Она не нашлась, что ответить, коротко глянув на измятый листок с данными для протокола. Да ничего у нее не вышло — как она ни пыталась — вот и весь сказ!
— Слушай, а чего ты на нее так взъелась? — В глазах у Маши загорелся охотничий огонек.
— На кого? — непонимающе глянула на нее та, которую позже назвали Мариной.
— Да на Алку эту, Смирнову, — пояснила Маша.
— Господи, — вздохнула та, которую позже назвали Мариной, — разве в ней дело?
— Ну, не знаю, — протянула Маша, — по три раза одни и те же образцы перемеривать… Ладно бы, если она тебя с диссертацией обскакала — так ты, вроде, в кандидаты не рвешься. Зарплату ей, правда, опять подняли… Но у тебя ведь муж зарабатывает — дай Бог каждому. Может, она тебе где-то на личном фронте дорогу перешла? — задумчиво предположила Маша.
— Да что ты несешь, в самом деле! — воскликнула та, которую позже назвали Мариной.
— А из-за чего тогда ты уперлась? — растерянно спросила Маша.
Тихий внутренний голос тут же принялся услужливо подсовывать той, которую позже назвали Мариной, фразы об ответственности за свое дело, о безопасности условий труда и об интересах страны. Она поморщилась — было в них что-то от обязательной еженедельной политинформации.
— Понимаешь, — начала она, старательно подбирая слова, — ты же сама видишь, никакого упрочнения здесь и в помине нет. А вот обработают по ее методу какую-нибудь деталь, вставят в машину, ту отправят на завод, и во время работы все в ней посыплется — авария ведь будет, люди могут пострадать.
— Я лично ничего не вижу, — решительно замотала головой Маша, — я — человек маленький. Но даже если это так — ты-то здесь причем? Представление на разработку она писала, в статьях, как я слышала, ее имя первым в списке авторов стоит, и работу свою она сама защищать будет. Если что случится — она и ответит.
— Она не ответит, — с горечью пробормотала та, которую позже назвали Мариной, — у нее тылы слишком крепкие. Стрелочников, Маша, будут искать — вроде нас с тобой. Это мы с тобой подписи на протоколах поставили, из-за которых люди могут погибнуть.

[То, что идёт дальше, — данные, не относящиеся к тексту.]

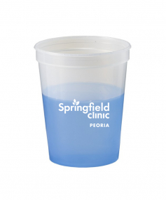 Thermo sensitive color changing mood stadium cup is reusable and recyclable. Fits most auto cup holders. This cup is BPA free food grade polypropylene. Great for any occasion where you want a fun item that helps your message stand out. Complies with Prop 65. 4 1/2" H x 3 5/8" Diameter

— Э нет! — замахала руками лаборантка. — Я всего один вид испытаний проводила и один протокол подписывала — я не обязана знать, что там согласно ее теории должно получаться. И ты, между прочим, тоже. Хотя знаешь, — вдруг оживилась она, — если не хочешь свою подпись ставить, давай я протокол напишу. Мне лишние деньги не помешают.
— Да нет, Маша, — вздохнула та, которую позже назвали Мариной, — боюсь, что сейчас мне уже не отвертеться — придется подписывать. Ты, давай, иди на твердомер, а то сейчас обе получим за пустую болтовню в рабочее время.

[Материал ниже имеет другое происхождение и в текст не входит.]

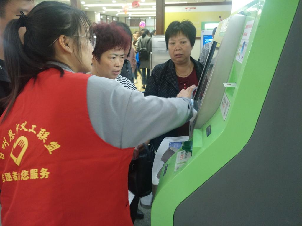 10月29日,9428cn太阳集团古天乐志愿者来到恩泽医院开展志愿服务活动。志愿者们在做好自我防护的前提下,帮助病人及家属在自助机器上挂号、缴费,提高医院预约挂号和就诊效率,为市民提供良好的就医环境。

Маша разочарованно кивнула и отошла от ее стола.
Она заполнила протокол подобранными для нее цифрами (и надо же — ведь действительно все данные ее собственными руками получены!), нацарапала — как можно неразборчивее — внизу подпись, отнесла его в кабинет начальнику и молча положила его на стол. Руководитель лаборатории, покосившись на документ, также молча кивнул, не поднимая головы.
Она вернулась на свое место — выполнять положенную ей работу и отрабатывать положенную ей зарплату. На душе у нее было гадко и мерзко. Чему немало способствовал тихий внутренний голос, который бубнил, как заведенный, о том, что разрушение целостности человеческой личности всегда начинается с мелких уступок обстоятельствам и непреодолимому внешнему воздействию.
— Да замолкни ты, — тихо пробормотала она сквозь зубы, — без тебя тошно. Ты моя совесть или нет? Могла бы и поддержать меня для разнообразия.
Чтобы отвлечься от оскомину уже набивших воззваний, она глянула на часы. До обеда полтора часа. А в обеденный перерыв она уйдет отсюда — у нее назначена встреча возле станции метро с предпоследним из ее списка одногруппников. А завтра в обед — с последним. Хоть с полчасика с ними поговорит — и пусть ей теперь хоть слово скажут, если она после перерыва немного задержится! А там и суббота подойдет — ей уже просто необходима была эта встреча со старыми друзьями, где можно будет забыть о низменных штрихах ее взрослой и ответственной жизни и вновь — хоть на пару часов — оказаться в атмосфере беззаботных студенческих лет.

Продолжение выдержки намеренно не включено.